TASK PROMPT: The answer is the line with "18' (0:2) Урибе" and every line after it to the end of the listing, retyped exactly. Pictures do not belong in it.

INPUT FOR THIS TASK:
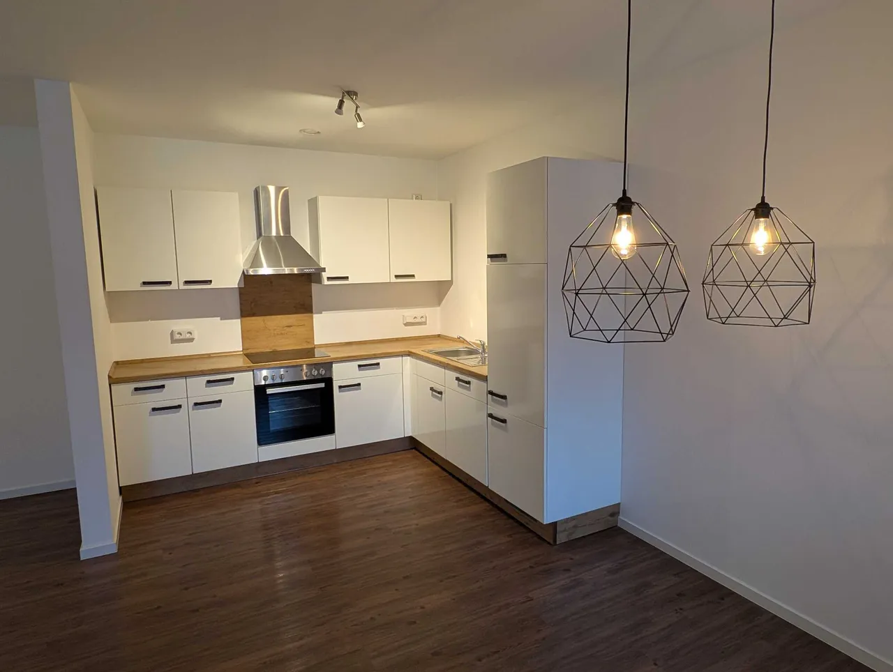 Wohn-/Esszimmer mit integriertem Kochbereich inkl. Einbauküche, Schlafzimmer, Bad/WC, Gäste-WC, HWR, Flur, Terrasse, Parkplatz
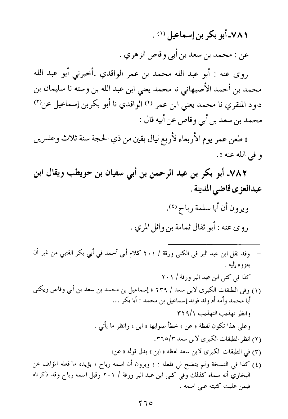 أخبرني أبو عبد الله محمد بن أحمد الأصبهاني ، حَدَّثنا محمد ، يَعنِي ابن عبد الله بن وسته ، حَدَّثنا سُليمان بن داود المنقري ، حَدَّثنا محمد ، يَعنِي ابن عُمَر الواقدي ، حَدَّثنا أبو بكر بن إسماعيل عن محمد بن سعد بن أبي وقاص ، عَن أبيه قال : طعن عُمَر يوم الأربعاء لأربع ليال بقين من ذي الحجة سنة ثلاث وعشرين وفي الله عنه.
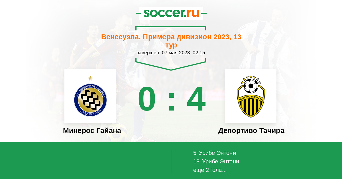18' (0:2) Урибе Энтони (9) (Гонсало Габриел Ритакко (10))
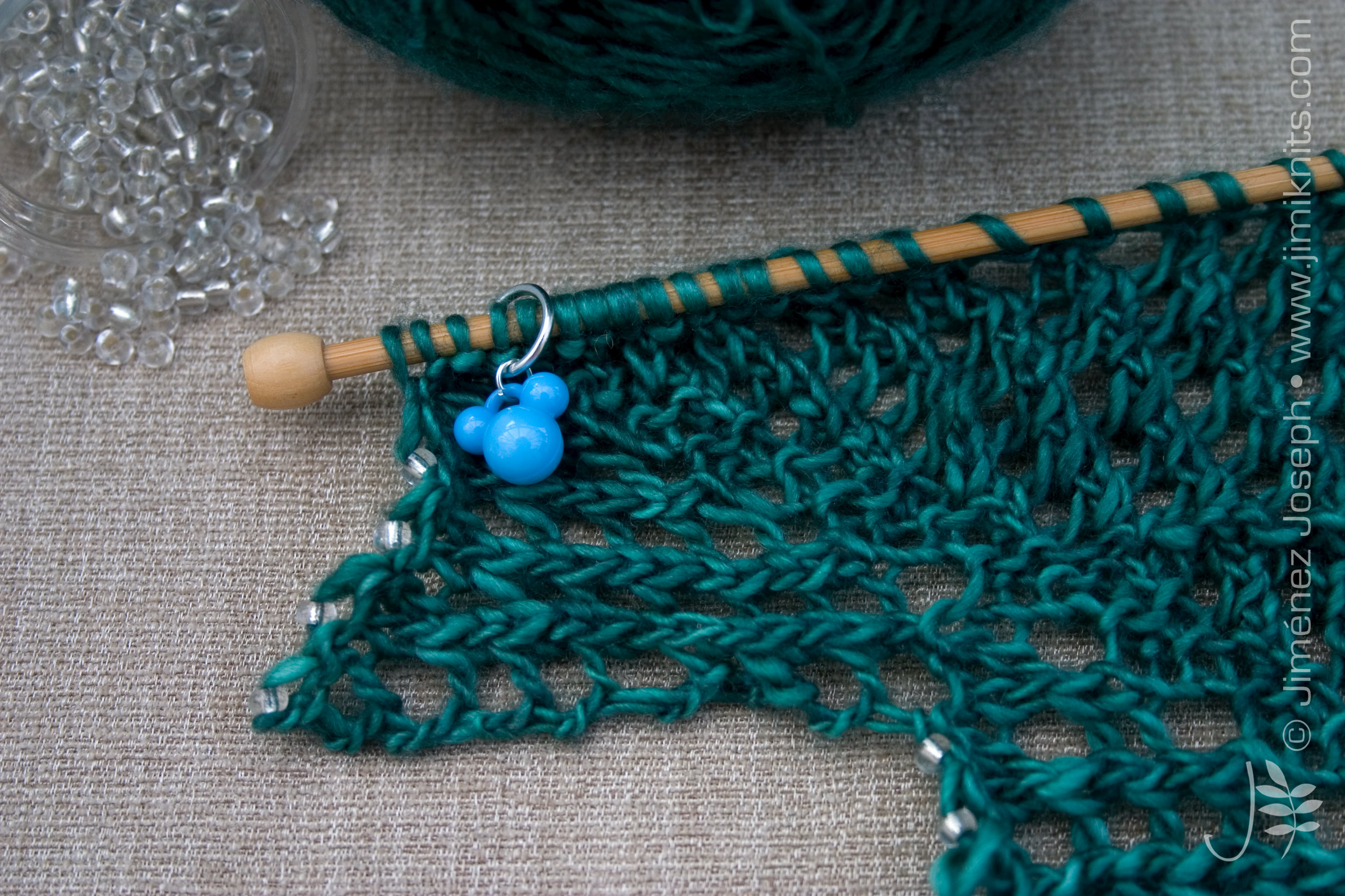 4mm (US 6) (or size required to get gauge) straight needles, or circular needles of 60cm (24”) or longer; 1 stitch marker; 0.75mm crochet bead hook; 3mm (US 2.5) crochet hook (or similar size) and a yarn needle for weaving in ends.
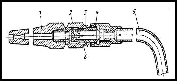1 — мундштук; 2 — подогревающая камера; 3 — подогреватель; 4 — сопла подогревателя; 5 — трубка горючей смеси; 6 — подогревающие пламена.
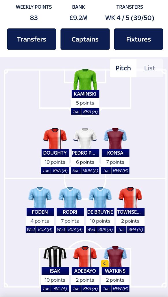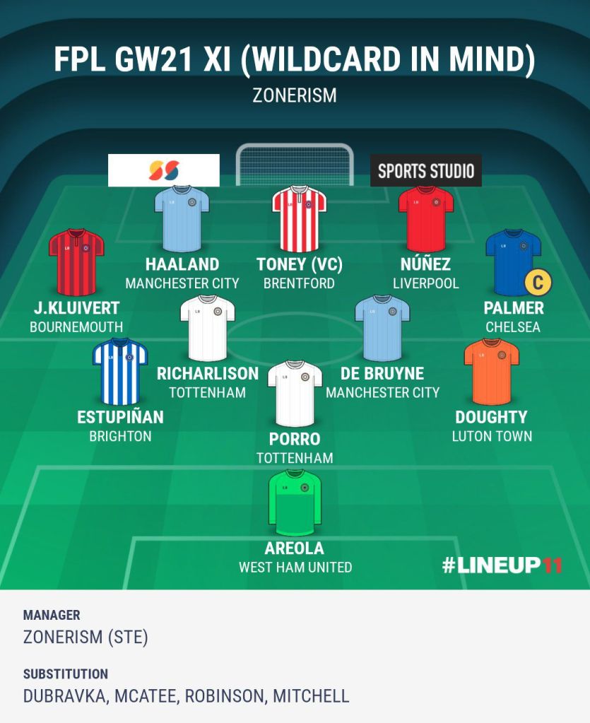 Effectively 6 left in play for the XI (auto sub factor) & food for thought for GW24 transfers in SkyFF with the likes of Bakayo Saka, Ivan Toney, Virgil Van Dijk, Diogo Jota and Matheus Cunha being potential transfers to be made from a possible 5 available for any given GW.
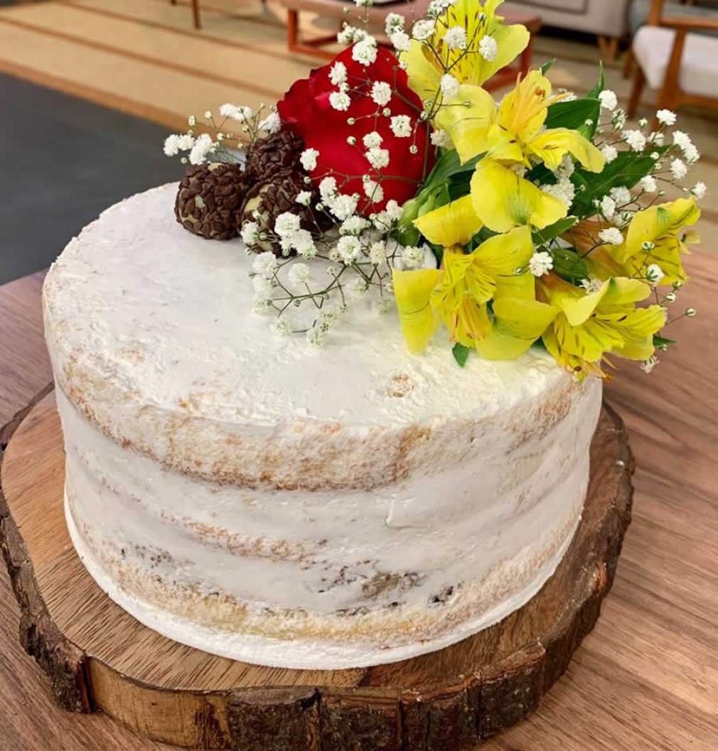 Essa sugestão rústica, que combina dois recheios de sabores sofisticados com bolo de baunilha super fofinho, é ideal para se transformar na grande atração de uma festa aniversário, de um batizado e até de um mini wedding.
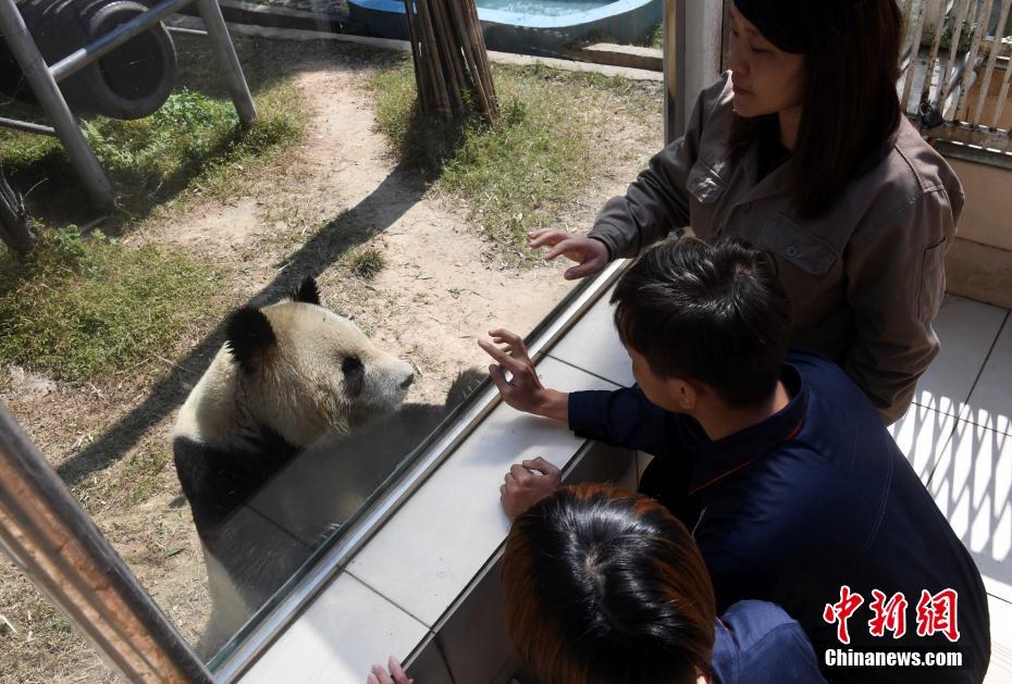 福州熊猫世界以独特的科研驯化、大熊猫生殖生理研究、异种克隆大熊猫试验和配套的青少年科普教育设施而闻名中外。图为2名台湾大学生在海峡(福州)熊猫世界近距离观察大熊猫。 刘可耕 摄
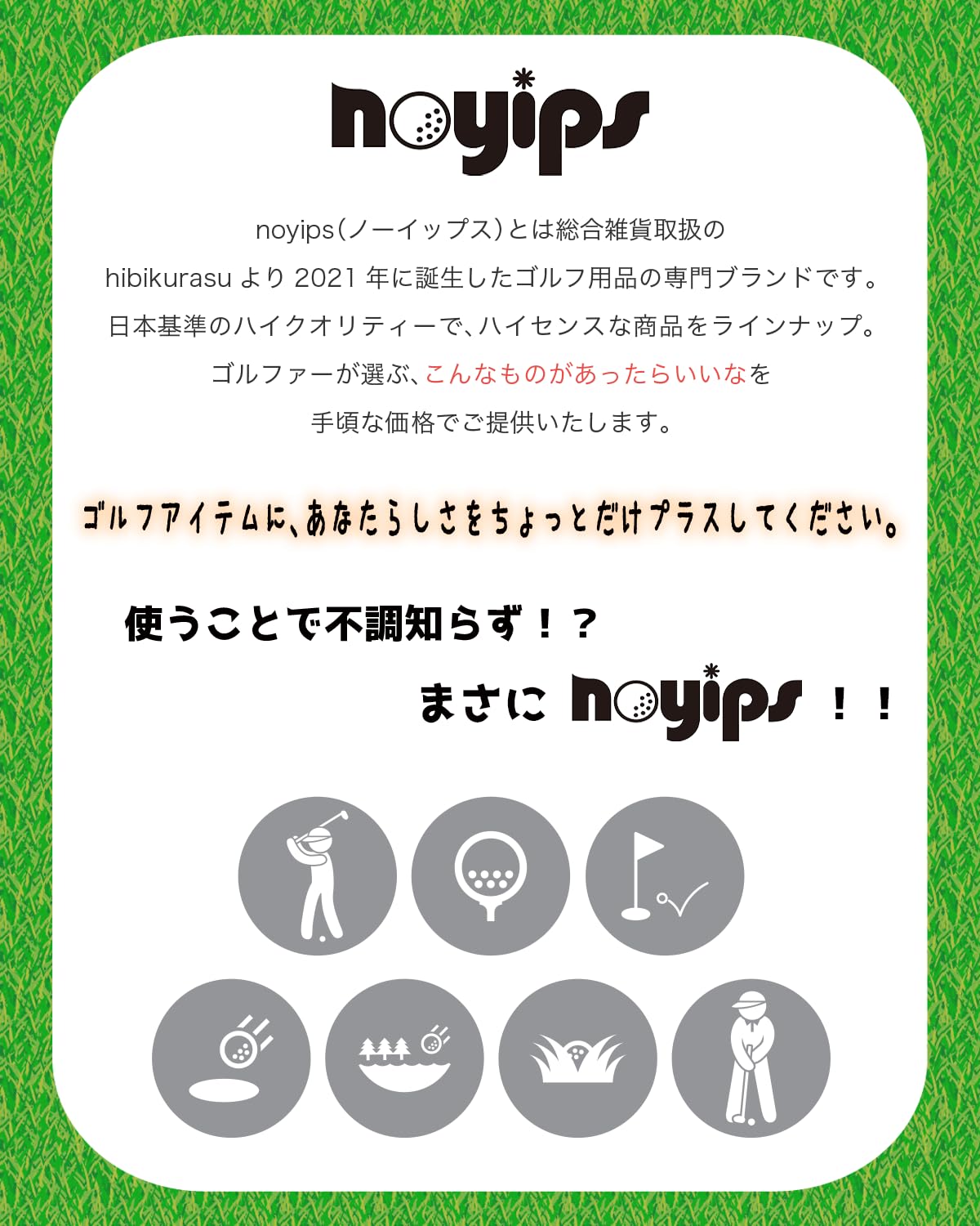 ?【 noyips 】 総合雑貨ブランドのhibikurasuから生まれた、ゴルフ専門ブランドnoyips(ノーイップス)です。日本基準の検品・販売・管理・発送にて皆様のお手元にお届けいたします。
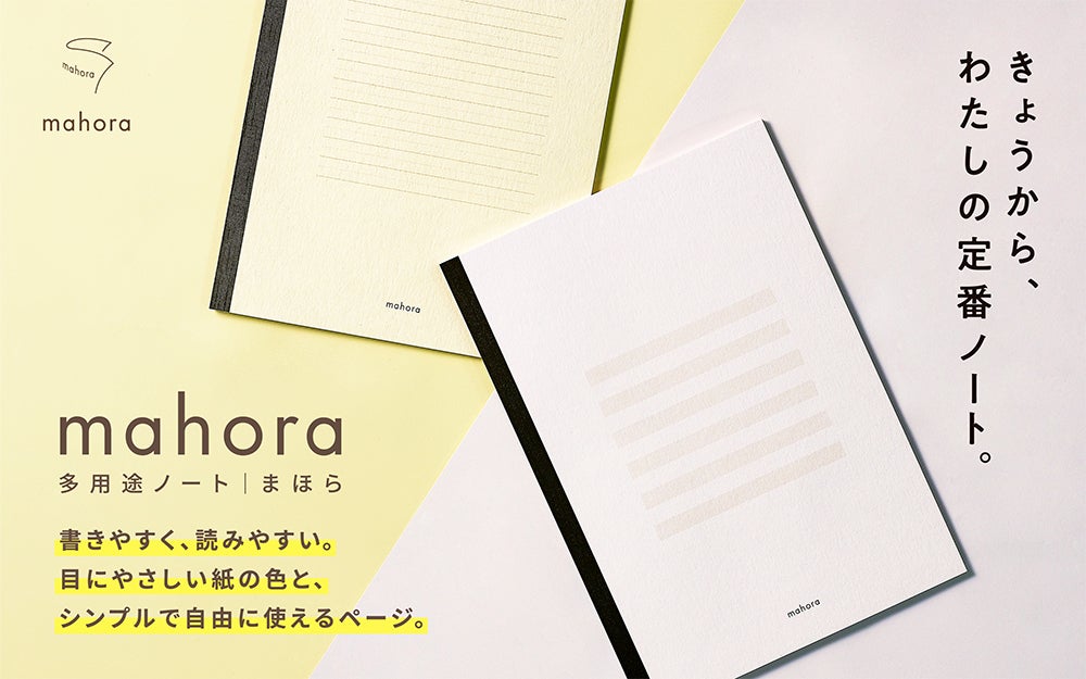 私たちが作るノートが皆様にとって「使いやすいノート」「心地よく使っていただけるノート」であってほしいという想いを込めて『mahora』 と名付けることにしました。
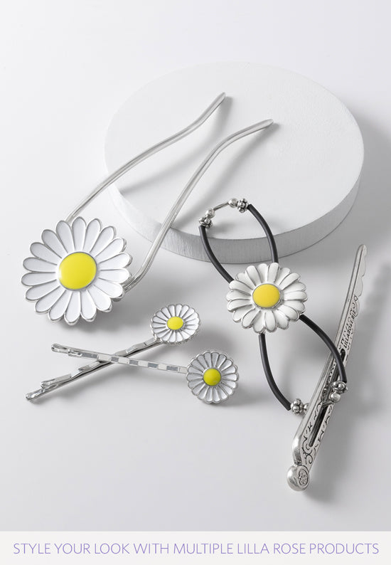 Beautiful white daisy blooms with a bright yellow center. Shown as pairs but sold individually.
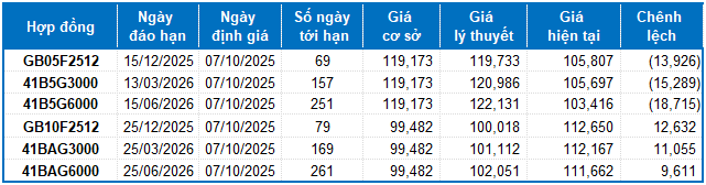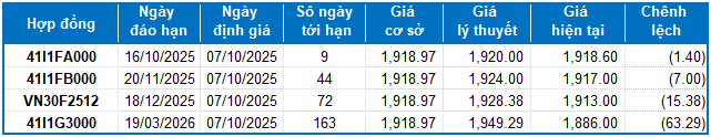 Dựa trên phương pháp định giá hợp lý với thời điểm khởi đầu ngày 07/10/2025, khung giá hợp lý của các hợp đồng tương lai đang được giao dịch trên thị trường được thể hiện như sau:
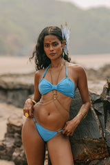 Suede Look Light Blue Bikini Set For Women "BEADS"

TASK OUTPUT:
18' (0:2) Урибе Энтони (9) (Гонсало Габриел Ритакко (10))
 4mm (US 6) (or size required to get gauge) straight needles, or circular needles of 60cm (24”) or longer; 1 stitch marker; 0.75mm crochet bead hook; 3mm (US 2.5) crochet hook (or similar size) and a yarn needle for weaving in ends.
1 — мундштук; 2 — подогревающая камера; 3 — подогреватель; 4 — сопла подогревателя; 5 — трубка горючей смеси; 6 — подогревающие пламена.
 Effectively 6 left in play for the XI (auto sub factor) & food for thought for GW24 transfers in SkyFF with the likes of Bakayo Saka, Ivan Toney, Virgil Van Dijk, Diogo Jota and Matheus Cunha being potential transfers to be made from a possible 5 available for any given GW.
 Essa sugestão rústica, que combina dois recheios de sabores sofisticados com bolo de baunilha super fofinho, é ideal para se transformar na grande atração de uma festa aniversário, de um batizado e até de um mini wedding.
 福州熊猫世界以独特的科研驯化、大熊猫生殖生理研究、异种克隆大熊猫试验和配套的青少年科普教育设施而闻名中外。图为2名台湾大学生在海峡(福州)熊猫世界近距离观察大熊猫。 刘可耕 摄
 ?【 noyips 】 総合雑貨ブランドのhibikurasuから生まれた、ゴルフ専門ブランドnoyips(ノーイップス)です。日本基準の検品・販売・管理・発送にて皆様のお手元にお届けいたします。
 私たちが作るノートが皆様にとって「使いやすいノート」「心地よく使っていただけるノート」であってほしいという想いを込めて『mahora』 と名付けることにしました。
 Beautiful white daisy blooms with a bright yellow center. Shown as pairs but sold individually.
 Dựa trên phương pháp định giá hợp lý với thời điểm khởi đầu ngày 07/10/2025, khung giá hợp lý của các hợp đồng tương lai đang được giao dịch trên thị trường được thể hiện như sau:
 Suede Look Light Blue Bikini Set For Women "BEADS"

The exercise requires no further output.